Australia's newspapers saluted the Wallabies yesterday after the team staged a stunning form reversal to beat the Lions and square the series.
Sydney's Sun-Herald ran a headline "Wallabies back from the dead, stay alive" and Greg Growden wrote: "Hail the comeback kings!"
"The Wallabies showed yet again that they are the world champions at overcoming adversity when they obliterated the Lions in an extraordinary second half."
Growden said Australia's first half was highly flawed, but in the second half they produced a monumental form reversal.
The Age in Melbourne ran a headline saying, "Australia dines out with red whine" and Mark Fuller wrote: "The 15,000 scarlet-clad fans of the Lions may not have been able to will their side to victory, but they generated an energy that illuminated the occasion."
In Britain, the tabloid News of the World headlined its report "Smashed to Brits," the report starting that the Lions "were reduced to quivering pussycats."
In the Sunday Times, Stephen Jones wrote that "it will take a mighty effort from the team's medical men and psyche-polishers if they are to win the decider."
On the topic of injuries, Jones was critical of Wallaby first five-eighth Stephen Larkham, who he said had a tendency to react to any bump "as if he had been hit by a rutting rhino."

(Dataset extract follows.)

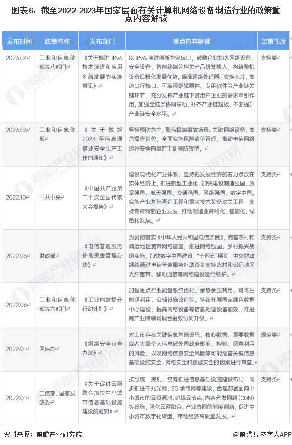 计算机网络设备制造行业是国家发展高科技装备制造业和信息产业的前沿科技行业,一直受到国家政策大力支持,政策主要以支持类为主。截至2023年6月我国计算机网络设备制造行业重点政策如下:
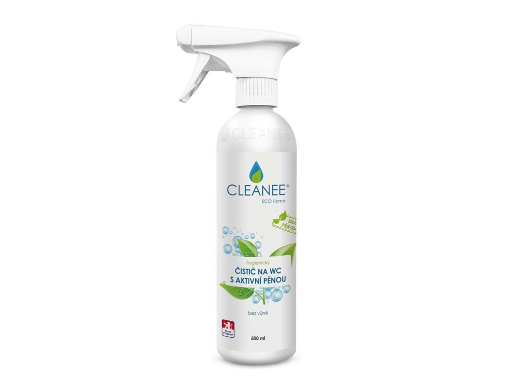 Cleanee ECO Home hygienický čistič WC s aktívnou penou bez vône vyčistí nielen toaletu, ale aj okolité povrchy ako dlažbu a iné príslušenstvo okolo WC. Navyše zanecháva príjemnú sviežu vôňu citróna. Všetky povrchy zanecháva dokonale čisté. Obsahuje prírodné saponíny a tenzidy, čím okrem čistiacich schopností dosahuje vysokú a dlhodobú účinnosť pri odstraňovaní bielkovinového zamorenia. Na ošetrených plochách vytvára mikrofilm chrániaci pred mikrobiálnou kontamináciou, zanecháva dlhodobú čistotu a pohlcuje nežiaduci zápach.

Former Lions and Welsh flanker Eddie Butler, writing in The Observer, said the 10 minutes at the start of the second half decided the test.
"It was a depressing period for the tourists. Whatever they said to each other during the interval probably will not go down in the annals of stirring oratory," he wrote. "All the Wallabies who looked ponderous and out of touch just one week ago finished here in flying form."
Butler recalled a Wallabies' pledge before the series that "We shall be at our best in Sydney."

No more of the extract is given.